Transcribe only part of the material below: the lines from the one containing "Renaissance袜子女ins潮秋冬新款精梳棉卡通动物条纹无骨中筒女袜" through the one containing "Теперь пришла очередь", inclusive, exactly as written.

- **Material for the task**
####################
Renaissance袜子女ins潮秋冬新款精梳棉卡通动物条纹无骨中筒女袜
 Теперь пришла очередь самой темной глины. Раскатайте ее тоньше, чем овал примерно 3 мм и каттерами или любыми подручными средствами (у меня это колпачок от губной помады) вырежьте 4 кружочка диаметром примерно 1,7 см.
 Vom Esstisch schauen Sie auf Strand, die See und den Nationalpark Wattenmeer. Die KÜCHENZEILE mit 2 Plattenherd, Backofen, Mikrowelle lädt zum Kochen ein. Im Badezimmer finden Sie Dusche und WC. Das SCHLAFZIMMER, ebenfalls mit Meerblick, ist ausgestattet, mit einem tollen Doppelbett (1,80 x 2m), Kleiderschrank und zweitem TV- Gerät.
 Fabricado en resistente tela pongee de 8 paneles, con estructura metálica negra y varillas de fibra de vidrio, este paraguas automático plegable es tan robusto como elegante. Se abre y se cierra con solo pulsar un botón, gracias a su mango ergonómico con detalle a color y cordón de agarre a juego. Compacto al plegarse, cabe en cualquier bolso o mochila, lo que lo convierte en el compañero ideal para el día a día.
####################
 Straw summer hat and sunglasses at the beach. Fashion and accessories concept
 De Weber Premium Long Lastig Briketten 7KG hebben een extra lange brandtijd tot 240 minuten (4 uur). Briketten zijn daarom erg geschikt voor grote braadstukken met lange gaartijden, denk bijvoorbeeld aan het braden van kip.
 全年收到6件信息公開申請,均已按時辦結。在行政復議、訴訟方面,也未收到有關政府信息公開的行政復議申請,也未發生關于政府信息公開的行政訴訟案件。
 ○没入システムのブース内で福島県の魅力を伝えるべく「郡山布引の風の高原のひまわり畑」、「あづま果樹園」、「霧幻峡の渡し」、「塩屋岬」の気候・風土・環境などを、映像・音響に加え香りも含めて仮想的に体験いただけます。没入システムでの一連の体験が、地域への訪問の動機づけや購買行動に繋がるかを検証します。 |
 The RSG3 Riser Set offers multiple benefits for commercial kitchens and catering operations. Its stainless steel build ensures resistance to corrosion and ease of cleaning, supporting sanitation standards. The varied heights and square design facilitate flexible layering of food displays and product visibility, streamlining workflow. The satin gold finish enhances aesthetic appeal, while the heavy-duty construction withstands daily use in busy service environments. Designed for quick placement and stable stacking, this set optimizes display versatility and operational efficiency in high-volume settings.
####################
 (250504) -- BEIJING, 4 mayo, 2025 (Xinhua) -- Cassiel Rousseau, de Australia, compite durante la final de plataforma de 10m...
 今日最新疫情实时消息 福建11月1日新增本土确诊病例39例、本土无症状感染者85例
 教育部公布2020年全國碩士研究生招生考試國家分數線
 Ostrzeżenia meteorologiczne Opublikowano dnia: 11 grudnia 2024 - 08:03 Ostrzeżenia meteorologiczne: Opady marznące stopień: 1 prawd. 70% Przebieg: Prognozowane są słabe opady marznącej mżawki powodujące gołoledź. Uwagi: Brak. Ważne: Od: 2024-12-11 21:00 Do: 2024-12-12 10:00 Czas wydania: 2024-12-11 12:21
####################
- **Your solution**
Renaissance袜子女ins潮秋冬新款精梳棉卡通动物条纹无骨中筒女袜
 Теперь пришла очередь самой темной глины. Раскатайте ее тоньше, чем овал примерно 3 мм и каттерами или любыми подручными средствами (у меня это колпачок от губной помады) вырежьте 4 кружочка диаметром примерно 1,7 см.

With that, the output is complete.